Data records

*** Block opens ***

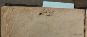 "Loving" -- why "Loving"? This is the spot where you would expect to find a mark of ownership, and that's what "Loving" might be in this instance: Loving (or various variants thereof) is an established surname in England. So there you have it: three completely common ways to use a book -- as a storage container of sorts, in this case to press a flower; as handwriting practice; and to mark one's ownership -- which, taken together, make this a suggestively lovely book.
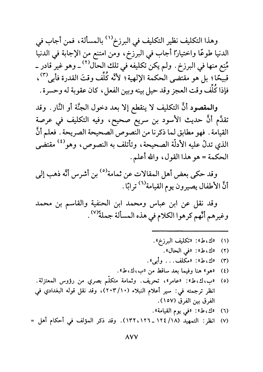 والمقصود أنَّ التكليف لا ينقطع إلا بعد دخول الجنَّة أو النَّار. وقد تقدَّم أنَّ حديث الأسود بن سريع صحيح، وفيه التكليف في عرصة القيامة. فهو مطابق لما ذكرنا من النصوص الصحيحة الصريحة. فعلم أنَّ الذي تدلّ عليه الأدلّة الصحيحة، وتأتلف به النصوص، وهو (¬٤) مقتضى الحكمة = هو هذا القول، واللَّه أعلم.
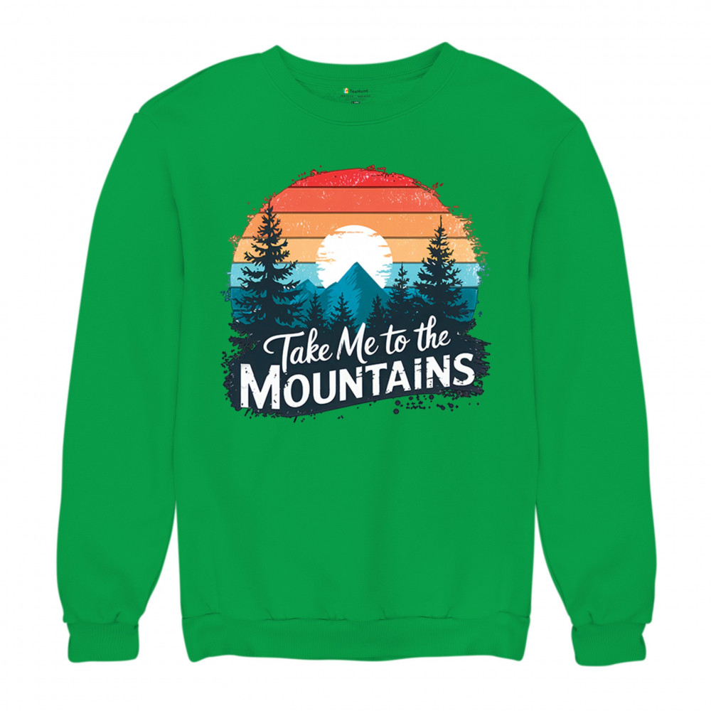 TAKE ME TO THE MOUNTAINS crewneck sweatshirt outdoors trail hiking camping green
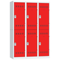 Meervaks garderobekast, Type garderobekast: Met vakken, Materiaal: Staal, Aantal vakken/kolom: 2, Aantal kastkolommen: 3, Onderstel: Op sokkel, Breedte kolom: 400 mm, Aantal kubusvakken: 6, Type sluiting: Met sleutel, Hoogte: 1800 mm, Breedte: 1200 mm, Diepte: 500 mm, Plaatstaal dikte: 7/10de, Nuttige hoogte vak: 809 mm, Nuttige breedte vak: 398 mm, Nuttige diepte vak: 473 mm, Kleur ombouw: Lichtgrijs, Kleur deur: Rood, Geleverd gemonteerd: ja, Gerecyclede verpakkingen: 95 %, Gerecycled product: 52 %, Eco-verantwoordelijke aanpak: ja, NF Milieu: nee, NF: nee
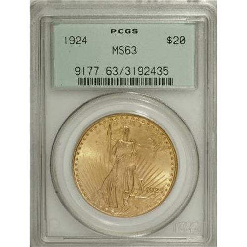 <B>1924 $20 MS63 PCGS.</B></I> PCGS Population (62742/85235). NGC Census: (78558/111552). Mintage: 4,323,500. Numismedia Wsl. Price for NGC/PCGS coin in MS63: $790. (#9177)<BR><BR><B>Coin Engraver:</B> Augustus Saint-Gaudens<BR><BR><b>Shipping:</b> Coins & Currency (<a target="_blank" href="http://www.heritageauctions.com/common/shipping.php">view shipping information</a>\)
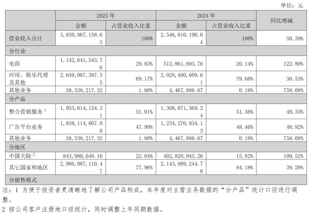 从区域市场看,海外市场继续保持主导地位,全年实现收入29.86亿元,占比78%,同比增长显著高于国内市场。中国大陆市场收入8.44亿元,占比22%,公司通过深化本地化运营策略,在东南亚、中东等新兴市场取得突破。这种全球化布局不仅分散了地域风险,也为未来增长开辟了新空间。管理层在财报中表示,将持续加大技术投入,提升跨境营销服务能力,巩固在全球数字营销领域的竞争优势。
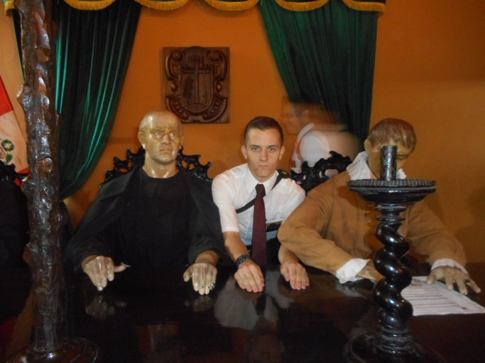 Friday was the big wedding day of the couple we helped to get married so they can get baptized. It was in Parque de Las Aguas, which is this huge awesome park in the center of Lima with all these fountains that do way cool things. Normally the missionaries can't go, but this was an exception. And it was Dang Awesome. We had no idea how to get there, but like the old saying says, “asking around, you can make your way to Rome”. We got there, and on the way, took pics with the famous Estadio Nacional, this huge big soccer stadium. The park had all these cool fountains, including a tunnel of water that you could stand under without getting wet. The wedding was sponsored by the government, and I felt like I was at one of those high-end “Great Gatsby” style millionaire parties. Everyone was dressed super fancy, with military police guards standing at attention, with fancy spot lights and decorations, etc. The fountains at night were all lit up with different bright colors.
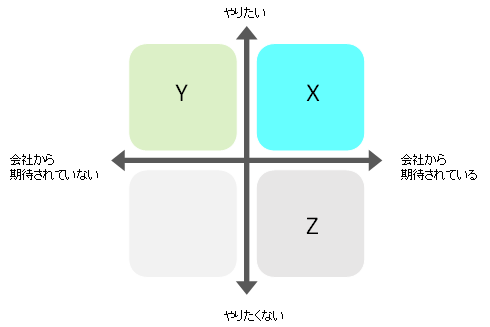 次にもう一つ図で表したいと思います。 「会社に求められていること」と「やりたいこと」を二つの軸で表現した図になります。

*** Block closes ***

YOUR GOAL
Repeat all of the data above word for word, minus the pictures.

RESPONSE
 "Loving" -- why "Loving"? This is the spot where you would expect to find a mark of ownership, and that's what "Loving" might be in this instance: Loving (or various variants thereof) is an established surname in England. So there you have it: three completely common ways to use a book -- as a storage container of sorts, in this case to press a flower; as handwriting practice; and to mark one's ownership -- which, taken together, make this a suggestively lovely book.
 والمقصود أنَّ التكليف لا ينقطع إلا بعد دخول الجنَّة أو النَّار. وقد تقدَّم أنَّ حديث الأسود بن سريع صحيح، وفيه التكليف في عرصة القيامة. فهو مطابق لما ذكرنا من النصوص الصحيحة الصريحة. فعلم أنَّ الذي تدلّ عليه الأدلّة الصحيحة، وتأتلف به النصوص، وهو (¬٤) مقتضى الحكمة = هو هذا القول، واللَّه أعلم.
 TAKE ME TO THE MOUNTAINS crewneck sweatshirt outdoors trail hiking camping green
 Meervaks garderobekast, Type garderobekast: Met vakken, Materiaal: Staal, Aantal vakken/kolom: 2, Aantal kastkolommen: 3, Onderstel: Op sokkel, Breedte kolom: 400 mm, Aantal kubusvakken: 6, Type sluiting: Met sleutel, Hoogte: 1800 mm, Breedte: 1200 mm, Diepte: 500 mm, Plaatstaal dikte: 7/10de, Nuttige hoogte vak: 809 mm, Nuttige breedte vak: 398 mm, Nuttige diepte vak: 473 mm, Kleur ombouw: Lichtgrijs, Kleur deur: Rood, Geleverd gemonteerd: ja, Gerecyclede verpakkingen: 95 %, Gerecycled product: 52 %, Eco-verantwoordelijke aanpak: ja, NF Milieu: nee, NF: nee
 <B>1924 $20 MS63 PCGS.</B></I> PCGS Population (62742/85235). NGC Census: (78558/111552). Mintage: 4,323,500. Numismedia Wsl. Price for NGC/PCGS coin in MS63: $790. (#9177)<BR><BR><B>Coin Engraver:</B> Augustus Saint-Gaudens<BR><BR><b>Shipping:</b> Coins & Currency (<a target="_blank" href="http://www.heritageauctions.com/common/shipping.php">view shipping information</a>\)
 从区域市场看,海外市场继续保持主导地位,全年实现收入29.86亿元,占比78%,同比增长显著高于国内市场。中国大陆市场收入8.44亿元,占比22%,公司通过深化本地化运营策略,在东南亚、中东等新兴市场取得突破。这种全球化布局不仅分散了地域风险,也为未来增长开辟了新空间。管理层在财报中表示,将持续加大技术投入,提升跨境营销服务能力,巩固在全球数字营销领域的竞争优势。
 Friday was the big wedding day of the couple we helped to get married so they can get baptized. It was in Parque de Las Aguas, which is this huge awesome park in the center of Lima with all these fountains that do way cool things. Normally the missionaries can't go, but this was an exception. And it was Dang Awesome. We had no idea how to get there, but like the old saying says, “asking around, you can make your way to Rome”. We got there, and on the way, took pics with the famous Estadio Nacional, this huge big soccer stadium. The park had all these cool fountains, including a tunnel of water that you could stand under without getting wet. The wedding was sponsored by the government, and I felt like I was at one of those high-end “Great Gatsby” style millionaire parties. Everyone was dressed super fancy, with military police guards standing at attention, with fancy spot lights and decorations, etc. The fountains at night were all lit up with different bright colors.
 次にもう一つ図で表したいと思います。 「会社に求められていること」と「やりたいこと」を二つの軸で表現した図になります。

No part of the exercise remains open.